Soon after socialist councilmember Kshama Sawant ended the opening speaking portion of last night’s anti-Trump protest at Westlake, drawing deafening cheers with her call to “occupy inauguration day,” a small scuffle broke out on the edge of the crowd.
A man wearing a U.S.A. flag bandana and a shirt proclaiming “One Nation Under GOD” began to shout “Respect God! Respect Trump! Respect Trump!” A woman, one of the many in the crowd with the Cascadian flag draped around her shoulders like a cape, jabbed her finger toward the man, her face twisted up in raw disbelief. “Respect Trump?” she exclaimed. “Respect a rapist? Would you respect Trump if he had raped your mom?” [Referencing Trump’s numerous rape and sexual assault allegations and “grab her by the pussy” recording.]
“You’re making my God look bad!” another woman in the crowd shouted at the man.
“If there was a God,” an older, weary looking man sighed, “Trump would not be in office.”
Maybe it was all the Cascadian flags dotting the thousands-strong throng—a symbol charged with new energy thanks to the West’s solid blue electoral wall—or maybe it was the overwhelming, once-stigmatized socialist sentiment and messaging on display that Sawant and Bernie Sanders have normalized—but Seattle couldn’t have felt any further from the United States last night. At one point, another woman wearing a Cascadian flag, holding a sign with the message “We can secede,” let out one of the most primal, guttural screams I have ever heard in my life, echoing through downtown for what seemed like a whole solid minute. The crowd responded with stunned applause. They knew the feeling.

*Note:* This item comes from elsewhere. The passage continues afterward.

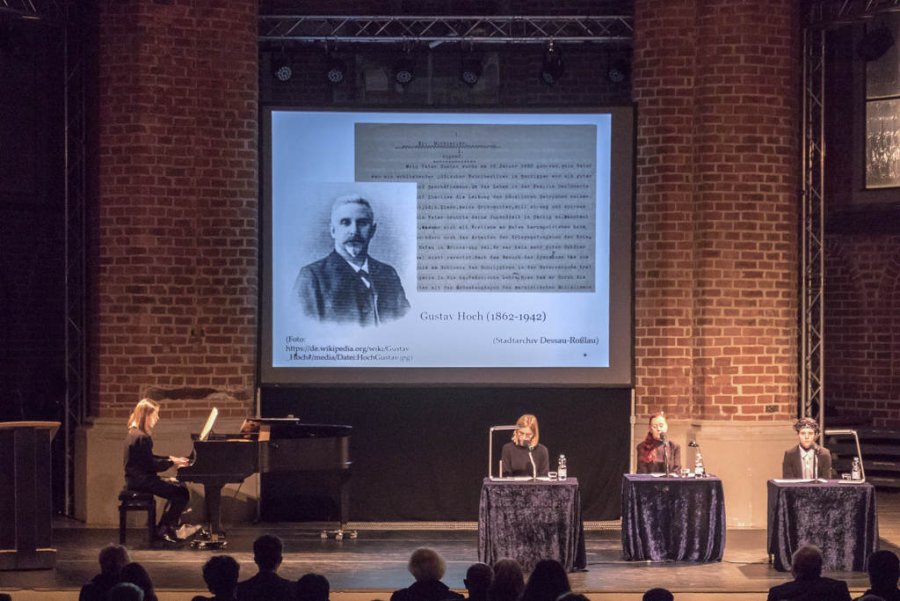 Die Grundlage der Texte bildete vor allem ein über 70-seitiger Bericht von Dr. Gustav Hoch, den er mit dem Titel „Ein Nichtarier“ überschrieben hatte. 2020 hatten Angehörige der Familie Hoch/Gottschalk diesen Bericht sowie weitere außergewöhnliche Dokumente und Fotografien dem Stadtarchiv Dessau-Roßlau übergeben. Unter Federführung der Musikschule „Kurt Weill“ und des Stadtarchivs brachten Jugendliche historisch fundiert und feinfühlig in Wort und Musik ein Programm auf die Bühne, das in würdevoller Weise an den langjährigen SPD-Reichstagsabgeordneten Gustav Hoch, seinen Sohn Dr. Gustav Hoch, dessen Frau Dr. Hanna Hoch, die gemeinsamen Söhne Fritz und Karl Hoch sowie Selma Gottschalk, die Mutter von Hanna Hoch, erinnerte. Sechs Menschen von 6 Millionen, die dem Holocaust zum Opfer fielen. Mit der Schlussaufforderung des Programms, heute und in der Zukunft nicht zu schweigen, wenn Antisemitismus sich offenbart, entließen die Jugendlichen ein bewegtes und nachdenkliches Publikum. Dr. Ralf Seidel, Angehöriger der Familie Hoch/Gottschalk, der als Ehrengast an der Veranstaltung teilgenommen hatte, würdigte das Engagement der jungen Generation, die gezeigt habe, dass das Gedenken an die Opfer des Holocaust in Dessau-Roßlau bewahrt bleibe.

But the most startling thing about last night’s peaceful Anti-Trump protest (which, contrary to confusing initial news reports, was unrelated to the shootings downtown), was how truly intersectional it was. The crowd was unified not just in their disgust for Trump, but in their support for a huge range of issues emblazoned on the sea of signs and banners that flooded the streets. “Not My President” may have been the bedrock chant of the protest, but it was remarkable how fluidly and dynamically that chorus shifted throughout the night. “Black Lives Matter!” “Water is Life!” ” Her body, her choice!” “Hey hey, ho ho, misogyny has got to go! Hey Hey, ho ho, racism has got to go!” “Immigrant Rights!” “No Anti-Gay, No KKK, No Facist USA!” “Pussy grabs back!” Each credo was given voice in turn by the crowd—one made up of people of color, white folks, LGBTQ folks, indigenous Americans, young people, old people, men and women—a voice that grew stronger as the cries of “off the sidewalks into the streets!” drew bystanders in. None of the drivers stalled by the march seemed peeved—almost all honked in support, reaching their hands out for high fives or balled up fists of solidarity. A woman driving a Microsoft Connector bus filmed the procession through the window with her phone, smiling and nodding.
For many, the past two days have felt something akin to a waking nightmare, or the beginning of an ending. But the strength and vindication of Seattle’s community last night was a palpable, cathartic antidote to that despair—a reminder that, as many signs echoed, “this isn’t over.” Take Ann, a woman in the crowd who was marching despite the fact that she’d just had foot surgery. She wheeled herself along, chanting with the crowd with her foot in a brace, one leg on a knee scooter, and a crutch under her right arm.
“There was no hesitation about coming to this,” she told me. “I needed to be surrounded by like-minded people. The only day that’s been worse is the day my parents and brother died. I feel like everything I’ve fought for my whole life has been taken away.” Tears began falling down her face. “The only thing giving me hope is these young people out here, marching.”
If Seattle’s promises hold true, there are many more marches to come.